Reasons, Preparation and Procedure For Conducting a Dobutamine Stress Test

Submitted on March 27, 2012

Dobutamine Stress Test

Dobutamine Cardiac Stress Test is an examination of the movement of the valves and chambers of the heart under inducement from externally administered medication. This test is especially useful to monitor the functioning of the hearts of those who cannot undergo physical exercise.

Reason Why It is Done

The test is done in order to diagnose various kinds of cardiac ailments such as myocardial disease, pericardial disease, congenital heart disease and coronary heart disease. These diseases usually manifest themselves through irregular movements of the valves and the chambers of the heart, which get detected during the dobutamine stress test. The results of this test also enable the doctor determine the exact nature of your heart ailment and prescribe suitable medication and treatment. Even if the results show that your heart is in good shape, the test can predict to some degree the chances of developing a coronary artery disease in the future by evaluating how it responds to activity.


A few basic rules should be followed before the actual test. Stop consuming food at least 4 hours in advance of the test. You should not drink coffee or consume any nicotine-based products on the day of the test. Consult your doctor if you are already on medication for treating a heart condition. Diabetic patients may be allowed to consume fruit juice during the regular insulin injection. Generally, patients are asked not to consume insulin pills on the day of the test. You may drink water before the test. Make sure that you rest adequately the night before the test is conducted. Pregnant women and patients of hypertension should consult their physician before going in for this test.
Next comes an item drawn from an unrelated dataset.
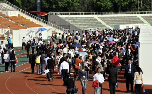 11月28日,“2009年秋季高校畢業生就業服務周暨珠三角九城市2010屆高校畢業生就業招聘會”深圳市專場在我校元平體育場舉行。本次招聘會有70多家企業進場,提供約近1000個就業崗位,吸引了校內外近10000名畢業生進場求職。 本次招聘會由我校與深圳市人力資源和社會保障局聯合主辦。用人單位提供的就業崗位主要集中在電子、建筑、制造、醫藥、教育、財務、行政、人力資源、廣告設計等行業。招聘現場...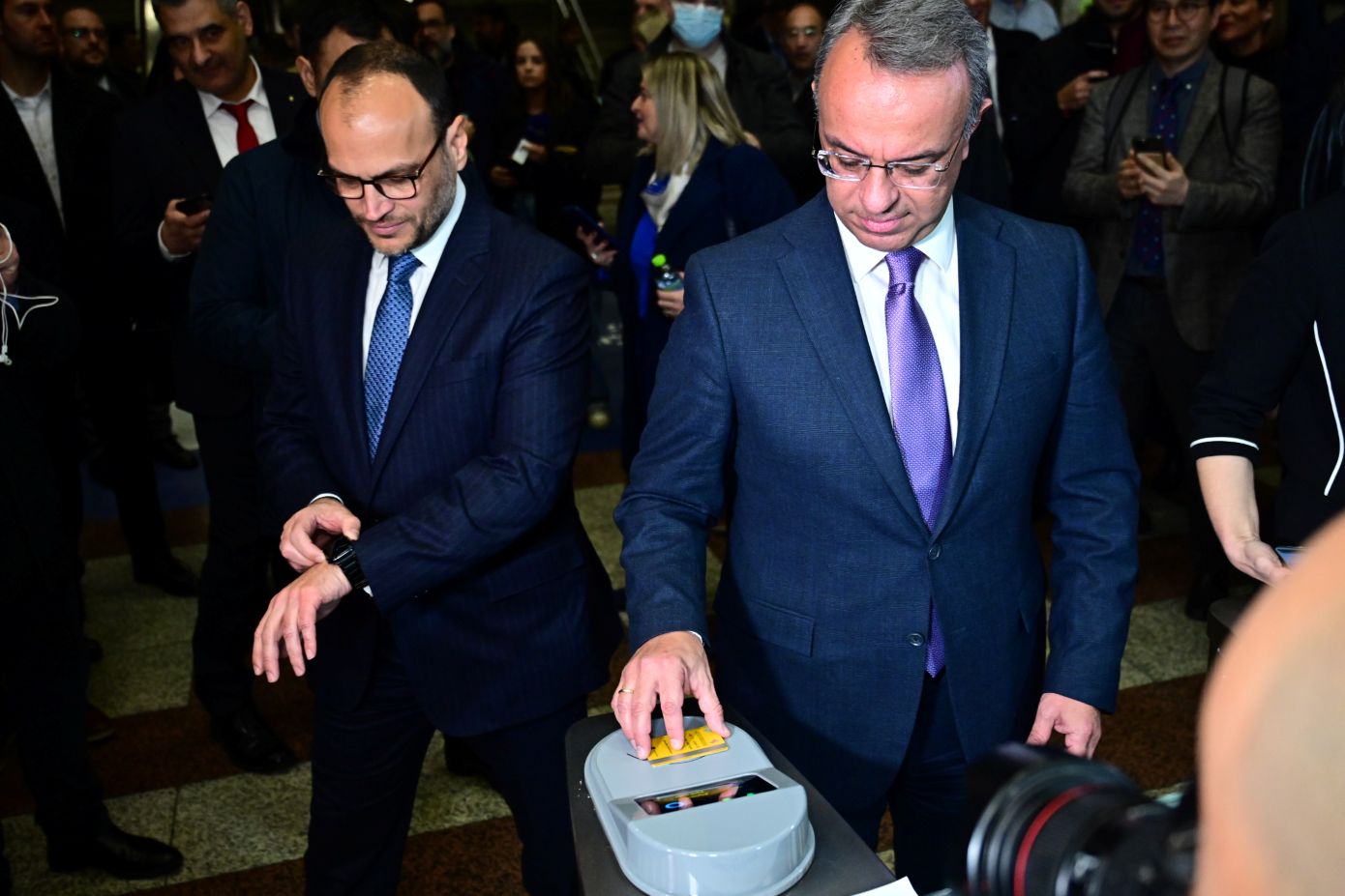Τη νέα υπηρεσία «tap2ride» παρουσίασαν, σήμερα, σε ειδική εκδήλωση στον σταθμό του Μετρό στο Σύνταγμα, ο Υπουργός Υποδομών και Μεταφορών κ. Χρήστος Σταϊκούρας, ο Υφυπουργός Υποδομών και Μεταφορών, αρμόδιος για τις Μεταφορές κ. Βασίλης Οικονόμου, η Γενική Γραμματέας Μεταφορών κα Δέσποινα Παληαρούτα, ο Διευθύνων Σύμβουλος του Υπερταμείου κ. Γρηγόρης Δ. Δημητριάδης, ο Διευθύνων Σύμβουλος του ΟΑΣΑ κ. Γιώργος Σπηλιόπουλος, ο Πρόεδρος Δ.Σ. της HST Α.Ε, θυγατρικής του Όμιλου ΓΕΚ ΤΕΡΝΑ, κ. Γιώργος Αγραφιώτης, η Γενική Διευθύντρια της Visa για Ελλάδα, Κύπρο, Μάλτα και Ισραήλ κα Sevi Vassileva και ο Γενικός Διευθυντής της NBG Pay κ. Χριστόφορος Χατζόπουλος.

The Dobutamine Stress Echo test involves the injection of a small amount of a radioactive substance intravenously to stimulate the heart and trigger a response similar to that caused by vigorous physical exertion without actually making the person walk on a treadmill. This is why this procedure is commonly called the thallium stress test. The patient is asked to lie straight on a table and ten electrode patches are attached over his/her chest by a sonographer. An ECG is taken for the heart in this state of the rest. This is followed by the intravenous injection, which is withdrawn as soon as the medicine gets absorbed into the bloodstream and begins to show its impact on the heart activity. The entire procedure is painless and takes about an hour.